A heavy particle is suspended by a 1⋅5 m long string. It is given a horizontal velocity of \[\sqrt{57} \text{m/s}\] (a) Find the angle made by the string with the upward vertical when it becomes slack. (b) Find the speed of the particle at this instant. (c) Find the maximum height reached by the particle over the point of suspension. Take g = 10 m/s^{2}.

#### Solution

\[\text{ Given }: \]

\[\text{ Length of the string, L = 1 . 5 m}\]

\[\text{ Initial speed of the particle, u } = \sqrt{57} \text{ m/s }\]

\[(\text{a}) \text{ mg } \cos \theta = \frac{\text{m}\nu^2}{\text{L}}\]

\[ \nu^2 = \text{Lg} \cos \theta . . . (\text{i})\]

Change in K.E. = Work done

\[\frac{1}{2}\text{m}\nu^2 - \frac{1}{2}\text{mu}^2 = - \text{mgh}\]

\[ \Rightarrow \nu^2 - 57 = - 2 \times 1 . 5 \text{g} \left( 1 + \cos \theta \right) \]

\[ \Rightarrow \nu^2 = 57 - 3\text{g }\left( 1 + \cos \theta \right) . . . (\text{ii})\]

Putting the value of \[\nu\] from equation (i),

\[15 \cos \theta = 57 - 3g \left( 1 + \cos \theta \right)\]

\[ \Rightarrow 15 \cos \theta = 57 - 30 - 30 \cos \theta\]

\[ \Rightarrow 45 \theta = 27\]

\[ \Rightarrow \cos \theta = \frac{3}{5}\]

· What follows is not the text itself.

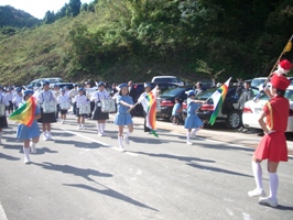 まがきトンネル(仮称)起工式での鼓笛隊演奏、大きくなっても、「ぼくたち、わたしたちは、トンネル起工式で演奏したなあ」って、いつまでも思い出に残るでしょうね。

\[ \Rightarrow \theta = \cos^{- 1} \frac{3}{5} = 53^\circ\]

(b) From equation (ii),

\[\nu = \sqrt{57 - 3g \left( 1 + \cos \theta \right)}\]

\[ = \sqrt{9} = 3 \text{ m/s}\]

\[ = 1 . 5 \cos \theta + \frac{\text{u}^2 \sin^2 \theta}{2 \text{g}}\]

\[ = \left( 1 . 5 \right) \times \frac{3}{5} + \frac{9 \times \left( 0 . 8 \right)^2}{2 \times 10}\]

\[ = 1 . 2 \text{m}\]